* [DATA IN THIS EXERCISE]:
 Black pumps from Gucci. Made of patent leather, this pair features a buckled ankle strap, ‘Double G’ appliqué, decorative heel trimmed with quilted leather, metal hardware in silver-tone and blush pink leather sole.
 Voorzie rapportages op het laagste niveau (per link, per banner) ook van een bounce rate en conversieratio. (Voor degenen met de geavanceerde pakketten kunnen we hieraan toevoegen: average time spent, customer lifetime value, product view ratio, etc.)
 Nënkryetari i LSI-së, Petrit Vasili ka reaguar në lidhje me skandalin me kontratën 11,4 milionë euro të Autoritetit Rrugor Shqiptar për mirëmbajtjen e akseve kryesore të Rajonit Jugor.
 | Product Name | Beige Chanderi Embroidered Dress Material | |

==

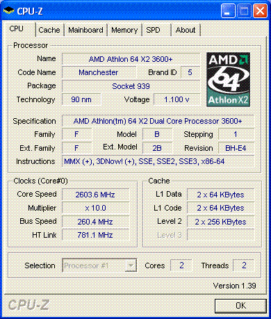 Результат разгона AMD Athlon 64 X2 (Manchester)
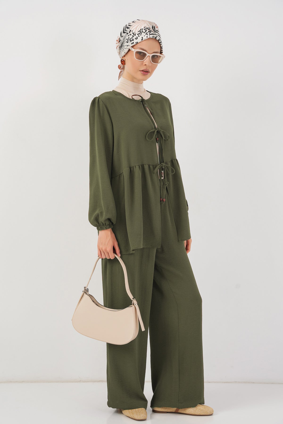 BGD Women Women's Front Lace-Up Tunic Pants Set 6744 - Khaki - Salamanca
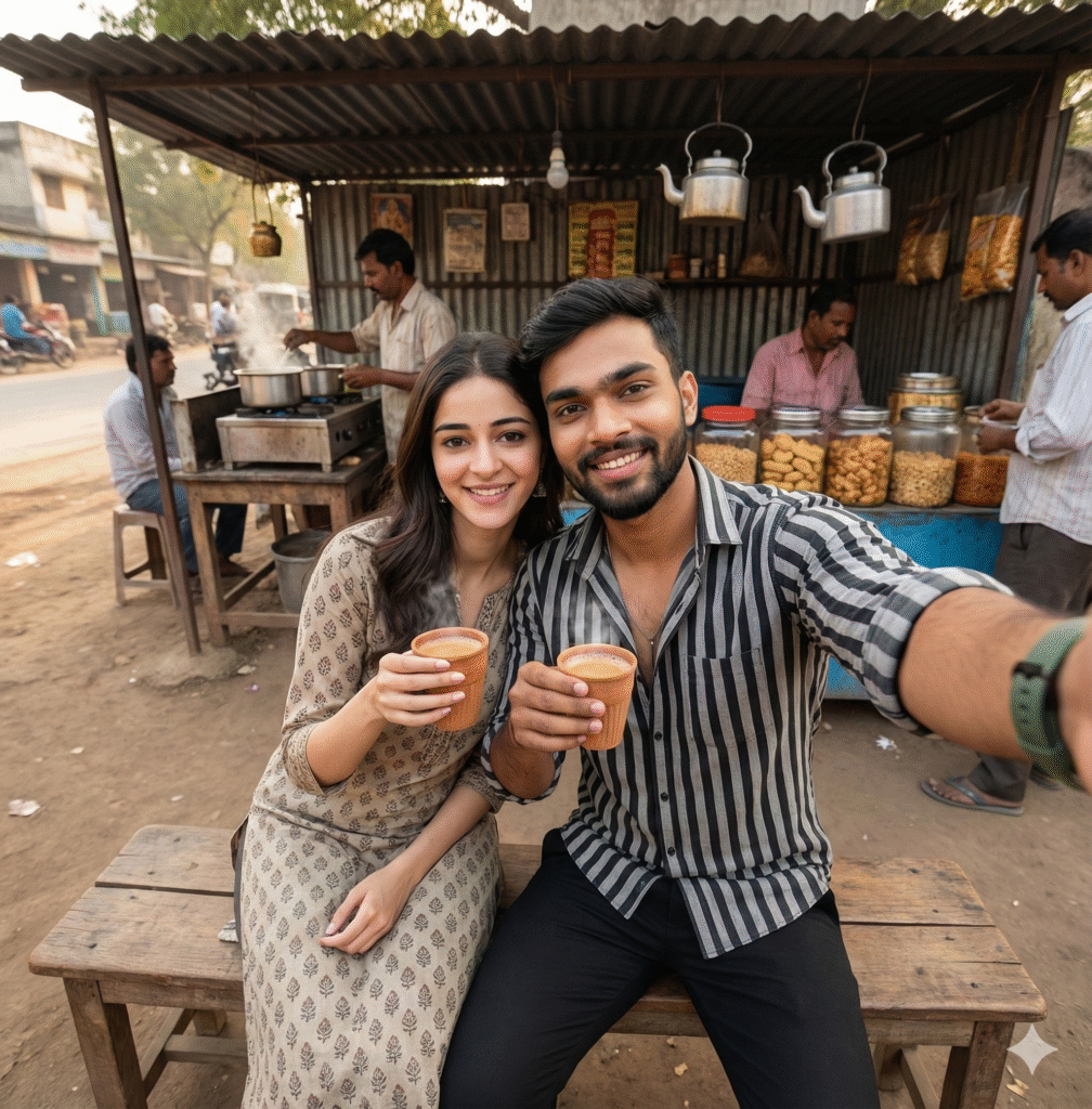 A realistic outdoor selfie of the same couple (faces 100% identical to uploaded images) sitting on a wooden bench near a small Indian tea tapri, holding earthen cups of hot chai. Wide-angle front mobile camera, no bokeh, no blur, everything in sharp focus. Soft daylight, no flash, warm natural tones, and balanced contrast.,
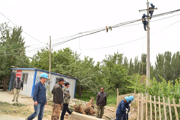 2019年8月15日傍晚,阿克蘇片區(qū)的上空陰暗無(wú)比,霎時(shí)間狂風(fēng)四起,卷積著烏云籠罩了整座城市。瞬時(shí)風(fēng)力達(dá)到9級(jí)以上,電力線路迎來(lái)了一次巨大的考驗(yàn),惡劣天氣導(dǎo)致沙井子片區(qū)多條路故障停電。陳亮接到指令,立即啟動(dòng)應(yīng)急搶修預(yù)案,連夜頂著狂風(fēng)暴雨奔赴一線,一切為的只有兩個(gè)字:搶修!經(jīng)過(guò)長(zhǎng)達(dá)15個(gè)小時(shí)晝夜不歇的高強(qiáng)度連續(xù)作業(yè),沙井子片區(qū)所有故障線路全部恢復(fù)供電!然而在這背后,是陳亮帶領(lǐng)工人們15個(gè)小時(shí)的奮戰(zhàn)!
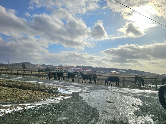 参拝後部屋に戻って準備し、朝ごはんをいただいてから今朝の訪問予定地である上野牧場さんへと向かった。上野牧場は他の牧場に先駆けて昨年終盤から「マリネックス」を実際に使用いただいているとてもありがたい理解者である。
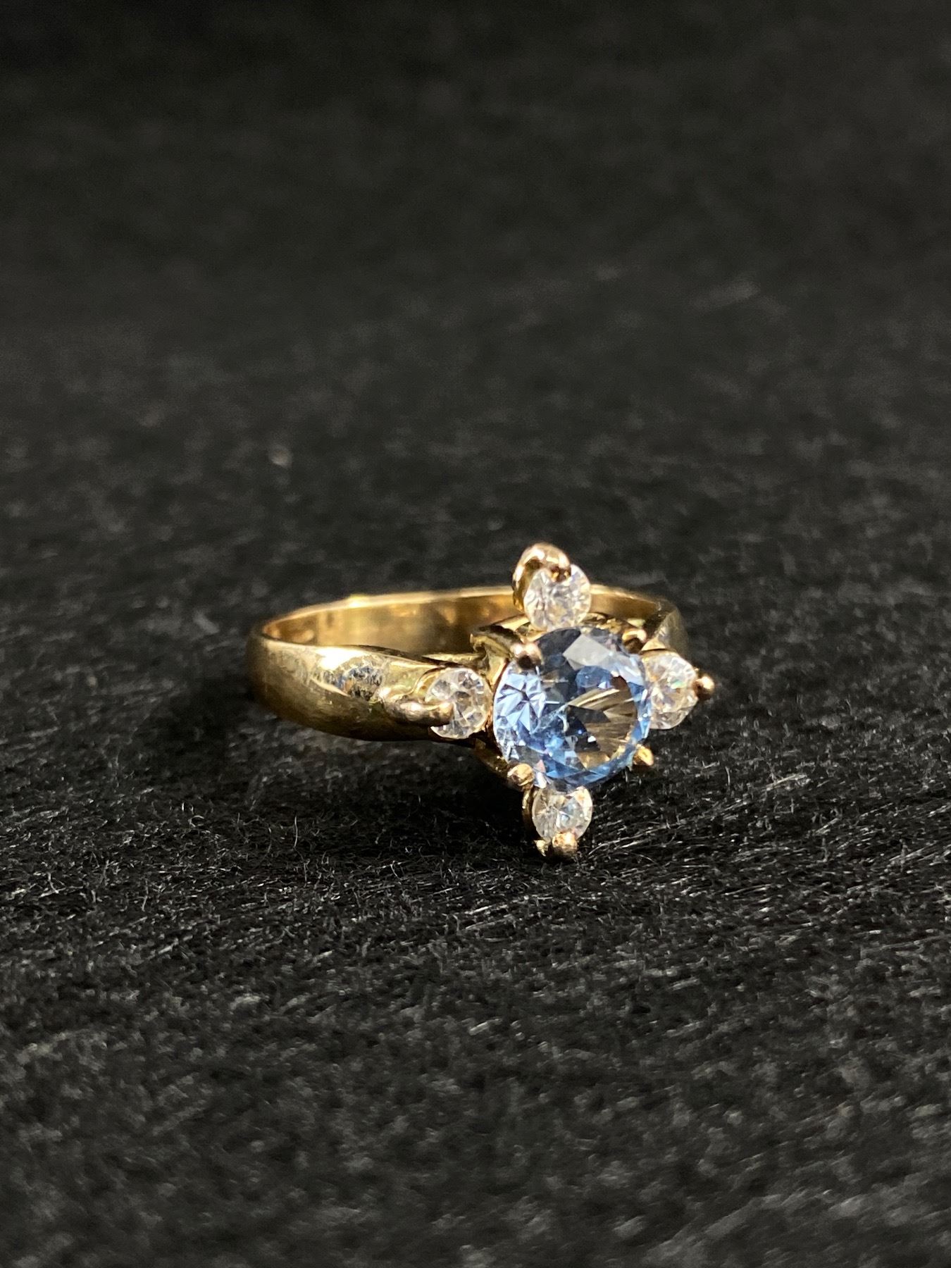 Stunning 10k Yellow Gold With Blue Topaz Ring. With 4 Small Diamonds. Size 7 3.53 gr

* [ACTIVITY]:
Look above for the line with "Результат разгона AMD", then print it and each line after it down to and including the line with "A realistic outdoor". Leave out the pictures and keep the wording exact.

* [TASK SOLUTION]:
 Результат разгона AMD Athlon 64 X2 (Manchester)
 BGD Women Women's Front Lace-Up Tunic Pants Set 6744 - Khaki - Salamanca
 A realistic outdoor selfie of the same couple (faces 100% identical to uploaded images) sitting on a wooden bench near a small Indian tea tapri, holding earthen cups of hot chai. Wide-angle front mobile camera, no bokeh, no blur, everything in sharp focus. Soft daylight, no flash, warm natural tones, and balanced contrast.,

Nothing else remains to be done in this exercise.